**Your instructions:** Write the listing out again word for word, leaving each picture behind.

**Material to process:**

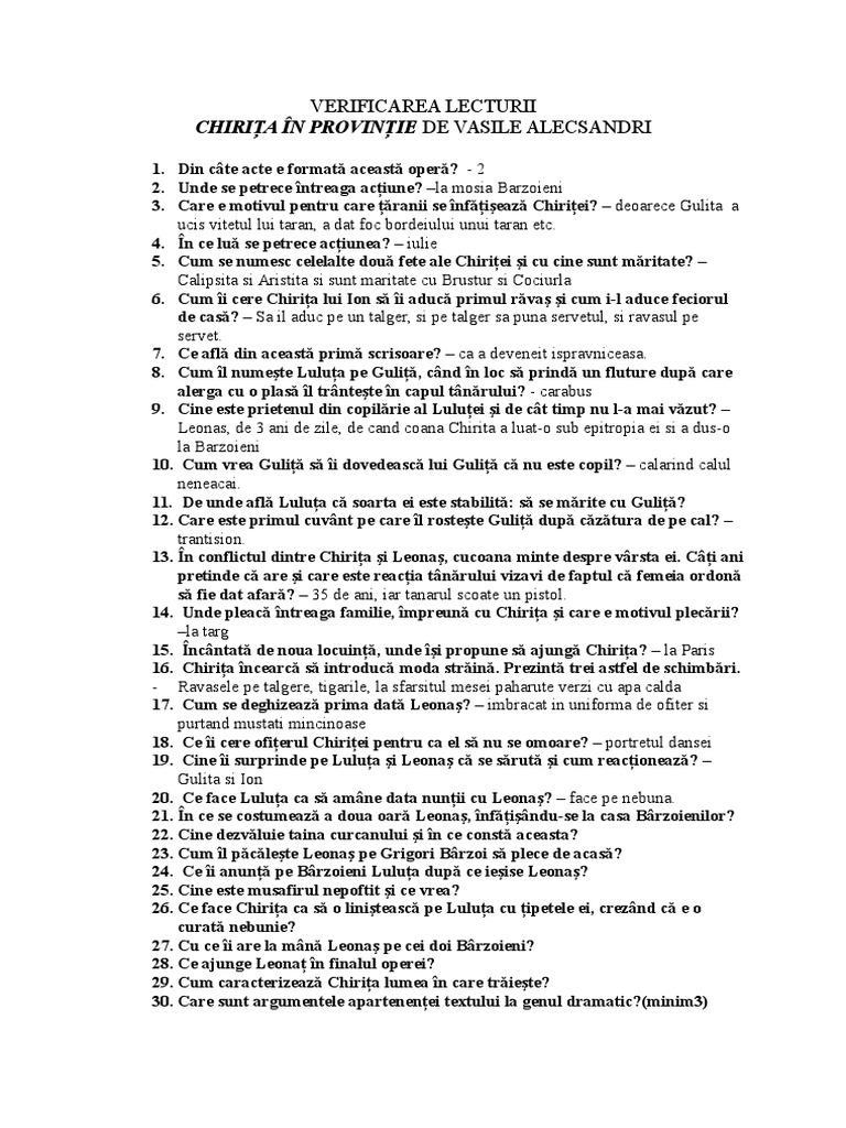 Doc Chestionar De Verificare A Lecturilor Cls A Xi A Andreea Tiliban Academia Edu
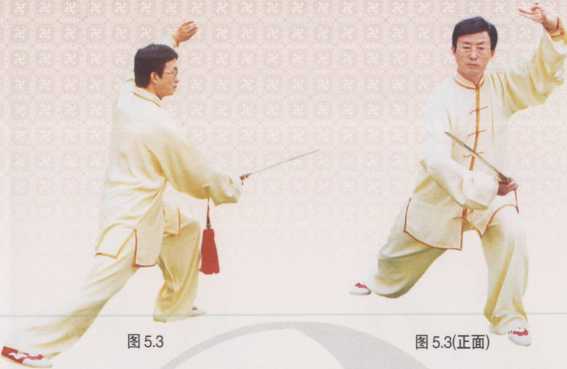 身体向左转,重心前移。左脚全脚掌踏实,左腿屈膝慢慢向前弓出,成 左弓步;右手持剑屈肘向左后方带至右肋旁,剑尖高于剑把;左手剑指向 上划弧举于左额前上方,掌心向外;掌指向右,眼视剑尖方向(图5.3)。 动作要领:
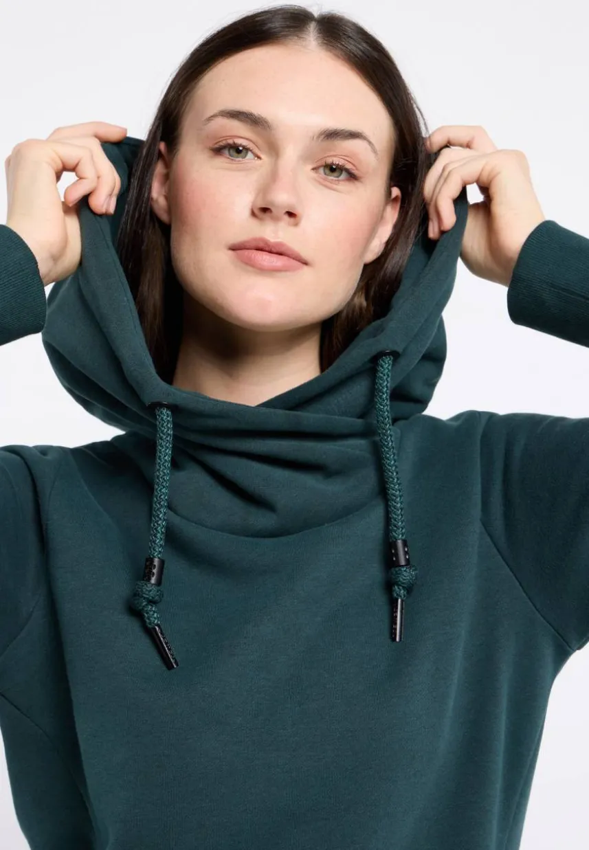 • Veganer Hoodie mit großer Kapuze mit Kordel in Wickeloptik
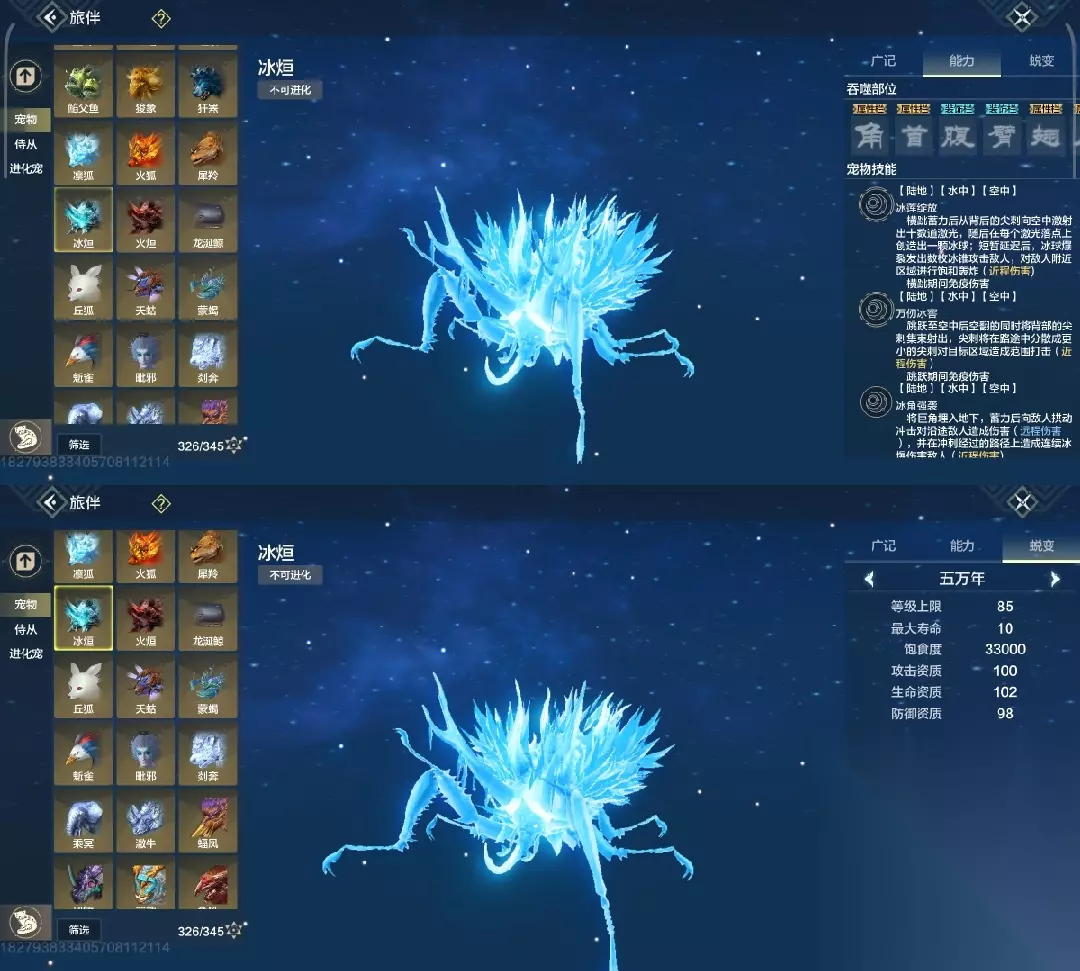 后续有新的偏转宠物,值得培养再考虑新的,其他偏转真没几个好的 ↓↓无偏转野宠↓↓ 冰煊 100攻击资质的野宠,焕新最成功的野宠,魂技适配度高,斗兽能力超强,斗兽也是t0.5,还能当驼兽,但驼兽状态不能飞天
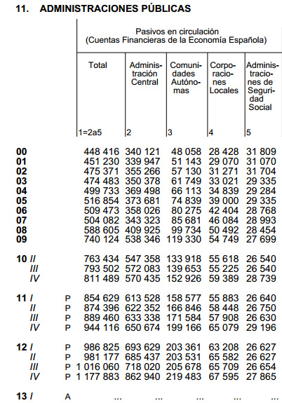 1.057.835.000.000 euros. O lo que es lo mismo, algo más de 1,057 billones de euros. Eso es, exactamente, lo que adeuda el sector público. Lo acaba de revelar el Banco de España en su informe estadístico y supone que, por primera vez, los pasivos emitidos por el Reino de España -incluidas todas las administraciones públicas- superan el Producto Interior Bruto, y que en 2012 ascendió a 1,049 billones.
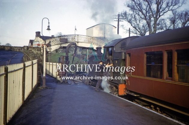 No 4588 taking water at Lifton on 3rd April 1962
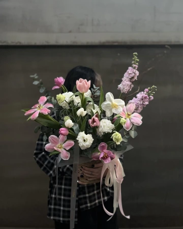 * Не бывает полностью одинаковых букетов. Цветок живой и всегда немного разный. Он может отличаться в зависимости от сезона, поставки или актуальных остатков. При сборке вашего заказа допустимы замены, но мы всегда будем стремиться сохранить стиль, форму, цветовую гамму и ценность состава.
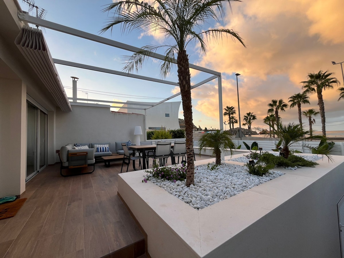 Discover Siroco, an exclusive apartment right on the beachfront of La Colonia in Águilas. This elegant accommodation strikes the perfect balance between comfort and luxury, featuring three spacious bedrooms, two modern bathrooms, a fully equipped kitchen, and a spectacular terrace with sea views. Located just 10 meters from the beach and within walking distance of the town center, you'll have restaurants, shops, and a vibrant cultural scene right at your fingertips.
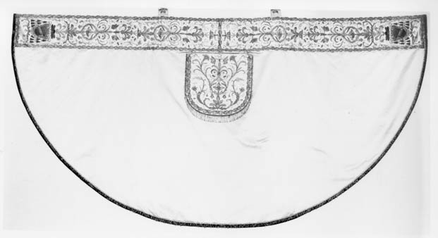 Il ricamo, realizzato da una bottega di ricamatori forse veneti, date le relazioni più prossime dell'arcidiocesi udinese, su commissione, come convalida la presenza dello stemma con l'arme di Gian Gerolamo Gradenigo / Gradinigo arcivescovo di Udine dal 1766 al 1786 (Venezia, 1708 – Udine, 1786), è stato trasportato su un tessuto tardo ottocentesco e lo stesso stemma è databile a tale periiodo. La datazione indicata fa riferimento al periodo in cui egli fu vescovo. Il tessuto originario confeziona tuttora la pianeta e gli altri parati. L'allegato tessile si riferisce al tessuto usato per il trasporto. Il ricamo nell'operazione di trasporto ha subito delle manomissioni per quanto riguarda l'impostazione del decoro e alcuni elementi dello stesso.
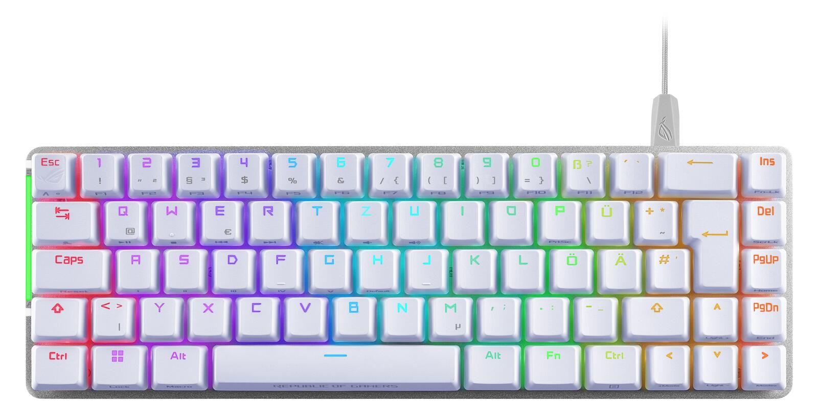 ASUS ROG Falchion Ace Gaming Tastatur, weiß Deutsches Layout, 65% Formfaktor, RGB, Touch-Panel, mechanische ROG NX-Switches
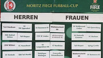 Als „Losfee“ fungierte Frank Müller von der Moritz Fiege Privatbrauerei, die den traditionsreichen Wettbewerb seit vielen Jahren unterstützt. Mit sicherer Hand zog er die Begegnungen sowohl im Frauen- als auch im Herrenwettbewerb. Unterstützt wurde er dabei vom Pokalspielleiter Bernhard Adler, des Fußballkreises Bochum.
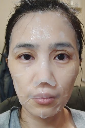 取出面膜後我是先由眼眶及額頭部份開始平舖上面膜,大概調整下後就取下珍珠膜紙
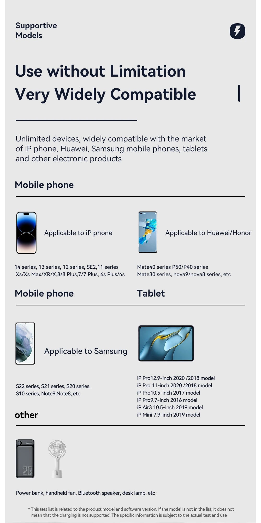Applied Fast Charge Protocols: USB PD,Qualcomm Quick Charge,Samsung Adaptive Fast Charge,Huawei FCP
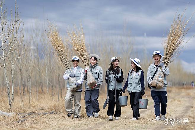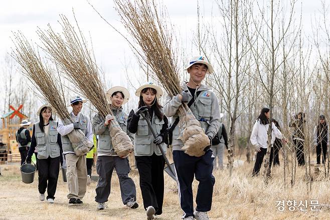 대한항공·아시아나항공 신입직원들, 몽골서 사막화 방지 식림 [현장 화보]
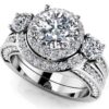 Create timeless romance with this amazing bridal set. It features a halo of round diamonds that surrounds the pear shaped center stone. The set has a sparkling wedding band of round diamonds to complete the bridal set. This is a romantic reflection of your everlasting love.
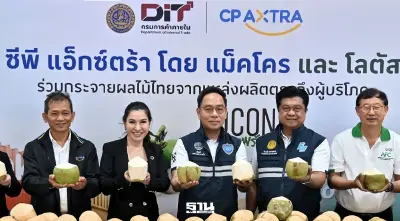 มะพร้าวน้ำหอมผลผลิตพุ่ง สวนทางส่งออกชะลอ กดราคาหน้าสวนร่วงต้นปีเหลือ 2–3 บาทต่อลูก กรมการค้าภายใน ผนึก แม็คโคร–โลตัส เพิ่มรับซื้อ 6 ล้านลูก กระจายกว่า 2,600 สาขาทั่วประเทศ ดูดซับส่วนเกิน–พยุงราคา คาดแนวโน้มเริ่มฟื้นต่อในเดือนเมษายน
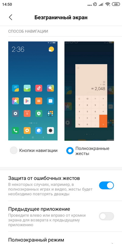 Стандартные для MIUI два варианта управления: кнопками навигации и полноэкранными жестами, которые здесь достаточно продвинутые (к обычным "Возврат", "Домой" и "Список запущенных задач" еще можно добавить возврат к предыдущему приложению и вызов меню программы.

**Response to this task:**
 Doc Chestionar De Verificare A Lecturilor Cls A Xi A Andreea Tiliban Academia Edu
 身体向左转,重心前移。左脚全脚掌踏实,左腿屈膝慢慢向前弓出,成 左弓步;右手持剑屈肘向左后方带至右肋旁,剑尖高于剑把;左手剑指向 上划弧举于左额前上方,掌心向外;掌指向右,眼视剑尖方向(图5.3)。 动作要领:
 • Veganer Hoodie mit großer Kapuze mit Kordel in Wickeloptik
 后续有新的偏转宠物,值得培养再考虑新的,其他偏转真没几个好的 ↓↓无偏转野宠↓↓ 冰煊 100攻击资质的野宠,焕新最成功的野宠,魂技适配度高,斗兽能力超强,斗兽也是t0.5,还能当驼兽,但驼兽状态不能飞天
 1.057.835.000.000 euros. O lo que es lo mismo, algo más de 1,057 billones de euros. Eso es, exactamente, lo que adeuda el sector público. Lo acaba de revelar el Banco de España en su informe estadístico y supone que, por primera vez, los pasivos emitidos por el Reino de España -incluidas todas las administraciones públicas- superan el Producto Interior Bruto, y que en 2012 ascendió a 1,049 billones.
 No 4588 taking water at Lifton on 3rd April 1962
 * Не бывает полностью одинаковых букетов. Цветок живой и всегда немного разный. Он может отличаться в зависимости от сезона, поставки или актуальных остатков. При сборке вашего заказа допустимы замены, но мы всегда будем стремиться сохранить стиль, форму, цветовую гамму и ценность состава.
 Discover Siroco, an exclusive apartment right on the beachfront of La Colonia in Águilas. This elegant accommodation strikes the perfect balance between comfort and luxury, featuring three spacious bedrooms, two modern bathrooms, a fully equipped kitchen, and a spectacular terrace with sea views. Located just 10 meters from the beach and within walking distance of the town center, you'll have restaurants, shops, and a vibrant cultural scene right at your fingertips.
 Il ricamo, realizzato da una bottega di ricamatori forse veneti, date le relazioni più prossime dell'arcidiocesi udinese, su commissione, come convalida la presenza dello stemma con l'arme di Gian Gerolamo Gradenigo / Gradinigo arcivescovo di Udine dal 1766 al 1786 (Venezia, 1708 – Udine, 1786), è stato trasportato su un tessuto tardo ottocentesco e lo stesso stemma è databile a tale periiodo. La datazione indicata fa riferimento al periodo in cui egli fu vescovo. Il tessuto originario confeziona tuttora la pianeta e gli altri parati. L'allegato tessile si riferisce al tessuto usato per il trasporto. Il ricamo nell'operazione di trasporto ha subito delle manomissioni per quanto riguarda l'impostazione del decoro e alcuni elementi dello stesso.
 ASUS ROG Falchion Ace Gaming Tastatur, weiß Deutsches Layout, 65% Formfaktor, RGB, Touch-Panel, mechanische ROG NX-Switches
 Als „Losfee“ fungierte Frank Müller von der Moritz Fiege Privatbrauerei, die den traditionsreichen Wettbewerb seit vielen Jahren unterstützt. Mit sicherer Hand zog er die Begegnungen sowohl im Frauen- als auch im Herrenwettbewerb. Unterstützt wurde er dabei vom Pokalspielleiter Bernhard Adler, des Fußballkreises Bochum.
 取出面膜後我是先由眼眶及額頭部份開始平舖上面膜,大概調整下後就取下珍珠膜紙
Applied Fast Charge Protocols: USB PD,Qualcomm Quick Charge,Samsung Adaptive Fast Charge,Huawei FCP
 대한항공·아시아나항공 신입직원들, 몽골서 사막화 방지 식림 [현장 화보]
 Create timeless romance with this amazing bridal set. It features a halo of round diamonds that surrounds the pear shaped center stone. The set has a sparkling wedding band of round diamonds to complete the bridal set. This is a romantic reflection of your everlasting love.
 มะพร้าวน้ำหอมผลผลิตพุ่ง สวนทางส่งออกชะลอ กดราคาหน้าสวนร่วงต้นปีเหลือ 2–3 บาทต่อลูก กรมการค้าภายใน ผนึก แม็คโคร–โลตัส เพิ่มรับซื้อ 6 ล้านลูก กระจายกว่า 2,600 สาขาทั่วประเทศ ดูดซับส่วนเกิน–พยุงราคา คาดแนวโน้มเริ่มฟื้นต่อในเดือนเมษายน
 Стандартные для MIUI два варианта управления: кнопками навигации и полноэкранными жестами, которые здесь достаточно продвинутые (к обычным "Возврат", "Домой" и "Список запущенных задач" еще можно добавить возврат к предыдущему приложению и вызов меню программы.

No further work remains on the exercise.